## [WHAT IS BEING ASKED]
Print the lines that run from the line with "Xscape. Jessie Short" to the line with "註1:もし適切なディスクがな", keeping both end lines, exactly as they appear in the entries below, and nothing else.

## [WORKING DATA]
______

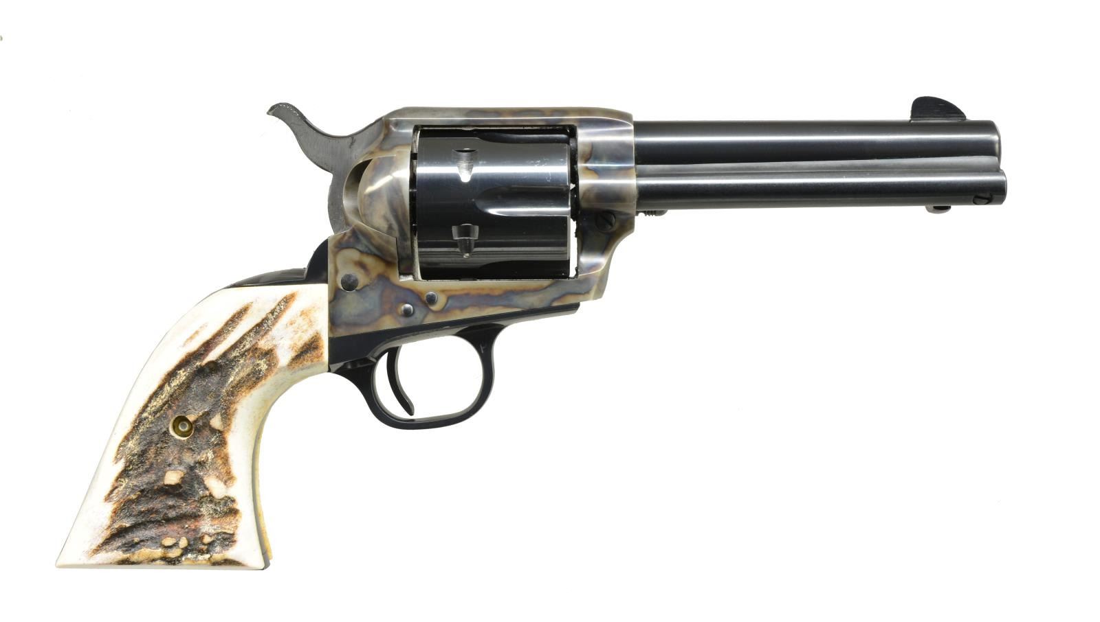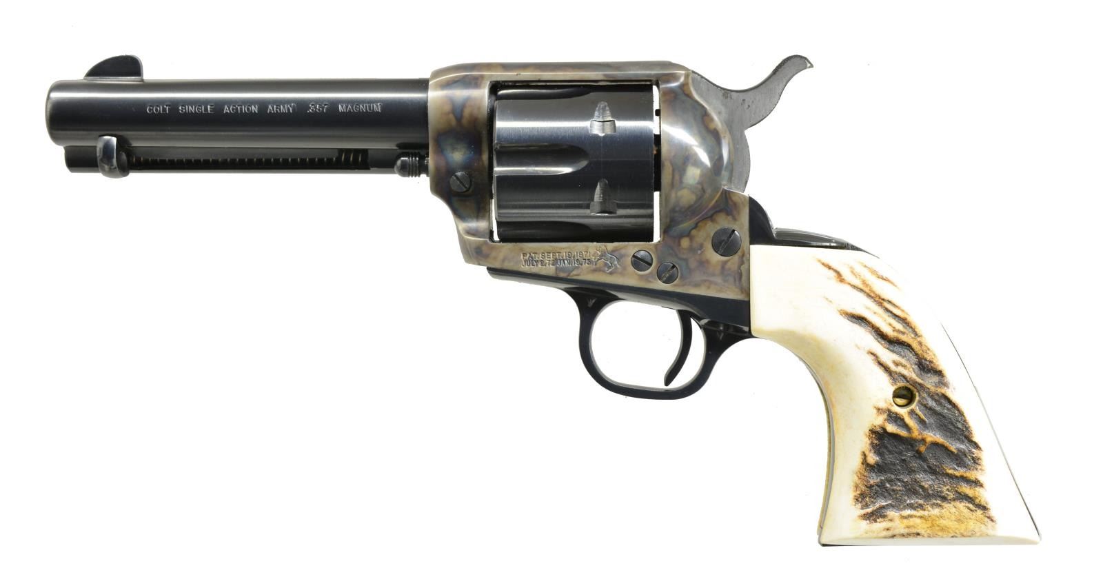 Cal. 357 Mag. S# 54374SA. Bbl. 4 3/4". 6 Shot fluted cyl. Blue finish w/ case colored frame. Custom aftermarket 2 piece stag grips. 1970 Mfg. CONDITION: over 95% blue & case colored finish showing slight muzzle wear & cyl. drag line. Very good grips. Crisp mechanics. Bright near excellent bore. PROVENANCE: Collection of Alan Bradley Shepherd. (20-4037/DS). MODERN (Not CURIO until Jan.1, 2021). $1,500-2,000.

______

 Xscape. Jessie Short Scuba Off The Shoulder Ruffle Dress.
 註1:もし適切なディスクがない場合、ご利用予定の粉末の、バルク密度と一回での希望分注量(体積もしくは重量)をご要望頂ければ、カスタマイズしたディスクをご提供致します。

______

## [EXERCISE SOLUTION]
 Xscape. Jessie Short Scuba Off The Shoulder Ruffle Dress.
 註1:もし適切なディスクがない場合、ご利用予定の粉末の、バルク密度と一回での希望分注量(体積もしくは重量)をご要望頂ければ、カスタマイズしたディスクをご提供致します。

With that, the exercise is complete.